Stories of Healing: Stacia
Stacia struggled with food and body image for years before seeking help in Rock’s program. As a young teenager and through college, she wrestled with food, the harmful messages of diet culture and beauty standards. Finally, Stacia decided that it was time to seek help. Through Rock’s Bridge to Life program, Stacia finally found the freedom she was so desperately seeking and the community support she needed to thrive, even through the most difficult seasons. Read more about Stacia’s story of healing below!
I have struggled with food and with my body for almost as long as I can remember, and by college this battle in my mind was relentless and exhausting. As a teenager, I think I tried to deny the influence that society and media had on me, and I found myself eating in rebellion. I was subconsciously trying to resist diet culture, resisting what I thought were shallow beauty standards, while secretly hoping I still measured up. However, in college my poor eating habits caught up with me. I gained weight, and became obsessed with losing it. This only solidified a vicious cycle of restricting, binging, and obsessing over every calorie of food I did or didn’t put into my body. I wrestled with expectations, and the connected feelings of shame and failure. Having this fear and obsession with not only food but also how I looked was incredibly isolating. It wasn’t something I could talk about and it frequently affected my plans with others.

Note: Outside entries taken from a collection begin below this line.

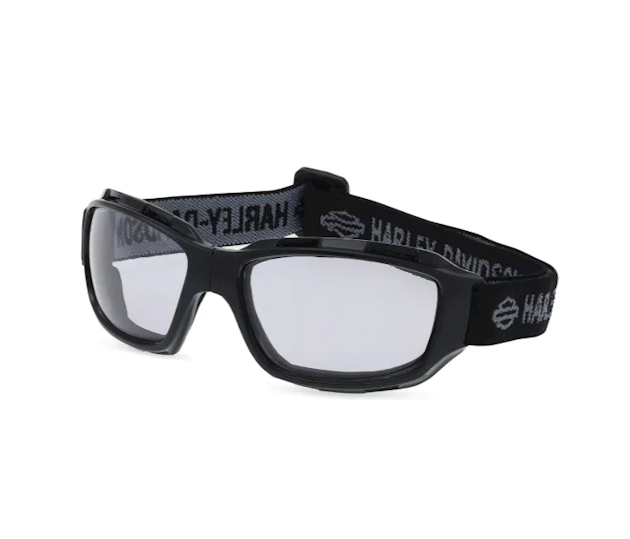 Harley-Davidson® Men's Battery Foldable Eyewear with headstrap. Matte black frames and black headstrap with light adjusting lenses. Square shaped frames that are made from high-quality plastic. Features a fixed gasket to help keep dust and dirt out of eyes. Adjustable headstrap.
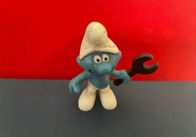 Detalles del productoFigura de colección de un Pitufo mecánico. Es una pieza pequeña y encantadora, ideal para coleccionistas.
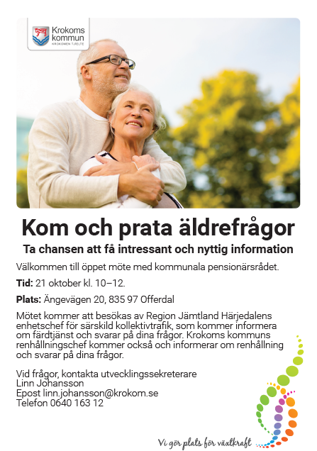 Mötet kommer att besökas av Region jämtland Härjedalens enhetschef för särskild kollektivtrafik, som kommer informera om färdtjänst och svarar på dina frågor. Krokoms kommuns renhållningschef kommer också och infonnerar om renhållning och svarar på dina frågor.
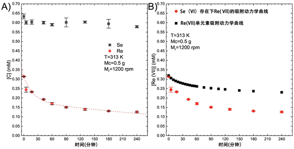 彩运cy888 比较了Se(VI)+Re(VII)体系和单独Re(VII)体系的吸附动力学曲线和吸附容量。得到的结果如图1A和B所示,清楚地显示了动力学曲线和吸附容量的差异。如图1B所示,Re(VII)和Se(VI)的混合物对Re(VI)的吸附远高于Se(VI),表明对Re(VII)的选择性。处理240分钟后,铼离子浓度从0.3mM下降到0.11mM,这意味着>60%的铼离子被吸附。然而,在硒吸附的情况下,如图1所示A,Se(VI)的初始浓度(0.63mM)和最终浓度(0.59mM)之间的差异等于0.06%(图1A)。该值在测量误差范围内,可以忽略不计。在这个过程中已经证实了活性炭对Re(VII)的选择性。根据获得的结果,确定将仅针对Re离子进行进一步的研究工作。
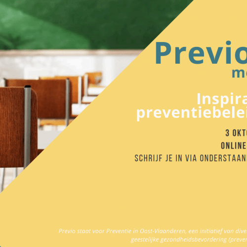 Vanuit Previo (Preventie in Oost-Vlaanderen) organiseren we 3 keer per jaar PrevioPraat met jeugd(welzijns)werk. We richten ons op iedereen die werkt met jongeren in hun vrije tijd. Tijdens een online vragenuurtje dompelen we jullie onder in een thema rond geestelijke gezondheid.
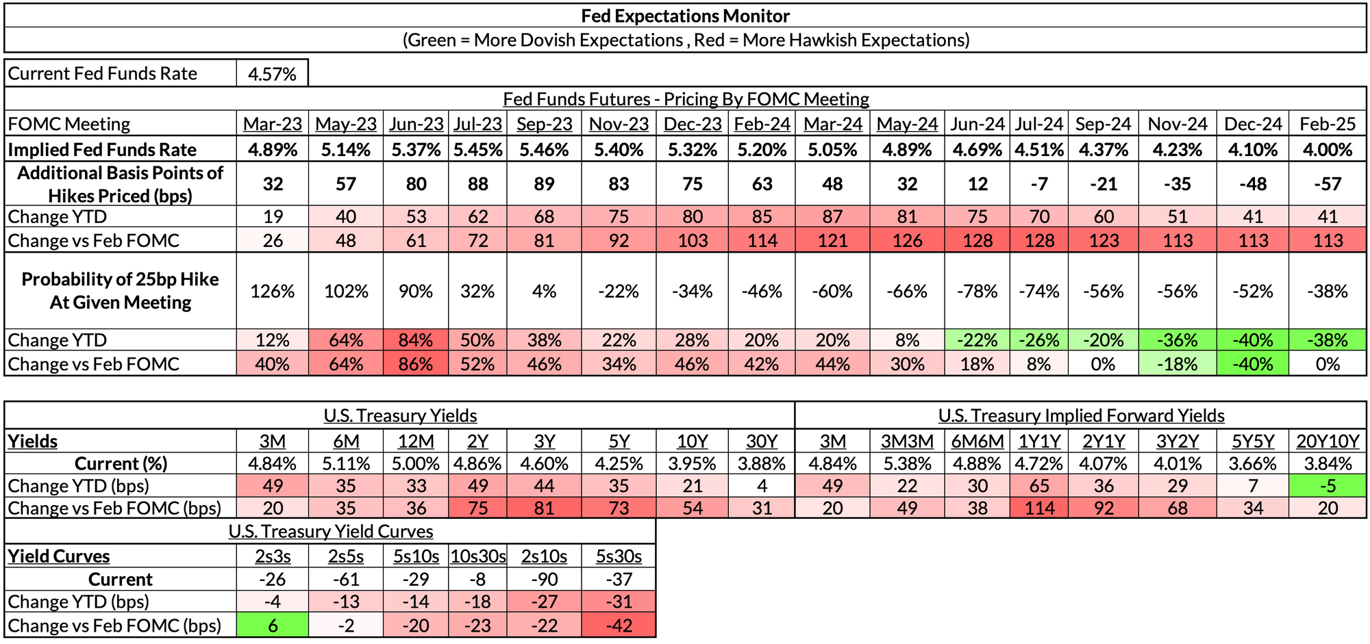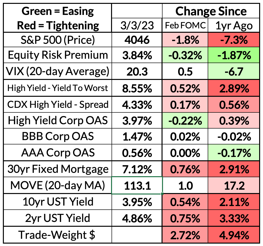 Financial conditions have tightened since the February FOMC meeting largely in response to stronger growth and inflation information. This certainly does not seem like a recessionary tightening of financial conditions. At an asset class level, Treasury yields, credit spreads, and the dollar are the source of tightening. In the context of hot PCE inflation, resilient US growth, and market-implied expectations of both, it is not a surprise for Fed policy rate expectations to also rise.

Somewhat ironically, I downloaded a podcast on eating disorders a little over a year ago in another desperate attempt to fix myself. At that point I knew I had an unhealthy relationship with food, but was still minimizing it. I figured that my own issues were far less complex than those of someone with an eating disorder, so maybe I could fix my much smaller problems with their more serious remedies. I didn’t think I was actually sick enough.
I will never forget listening to that podcast as I drove home from work. The host calmly listed the criteria for binge eating disorder, and I remember saying, “check” out loud to each symptom as she went down the list. It was a major turning point – the realization was horrifying, but there was also a sweet relief at putting a name to what I was dealing with.
Around that time, Rock Recovery partnered with my church to host a workshop, but I was unable to attend. Instead, I went to their website and found the Bridge to Life program. This was my first experience with therapy, and in less than a month I was attending the weekly group. I had briefly considered counseling before, but when I called around it was either too expensive, too difficult to schedule, or both. Rock was both accessible and affordable, and I appreciated that it’s a faith-based organization. Joining a group instead of a one-on-one counselor also took some of the pressure off.
At our group each week, we sit in a circle, start with a basic check-in, and then share a meal together. The group was small and quiet when I first came, and at one of our first dinners I remember asking, “Is this weird? We’re all just sitting here forcing ourselves to eat a meal and be social?” And one of the other women affirmed it instantly – “Yes, this is totally contrived, but you’ll get used to it.” And I did. And our group has grown, and it has been a beautifully diverse group of women from different backgrounds and disorders and faiths, and dinners are no longer quiet and there is a real sense of camaraderie that I wish everyone who struggles with an eating disorder could experience.
I was skeptical at first, but a year later I can say that my panic and anxiety around food is gone. Because of the women that have stood alongside me this year, the scripts in my head have been re-written to speak truth and not lies, and these truths have been deeply re-enforced through this group.
Recovery is not linear, it is not easy, and I do not say that I am recovered in the sense that my journey is over and done. It is a process. I do say that I am recovered in that technically, I have been symptom free for perhaps the longest stretch of my adult life. I am moving forward with new appreciation for my experiences, for my body, for the ability to even speak these words out loud, and with a deep sense of gratitude for the women that I have crossed paths with over this past year. At the risk of sounding dramatic, finding this community has not only impacted my life in the present but has affected all of my future experiences and relationships for the better.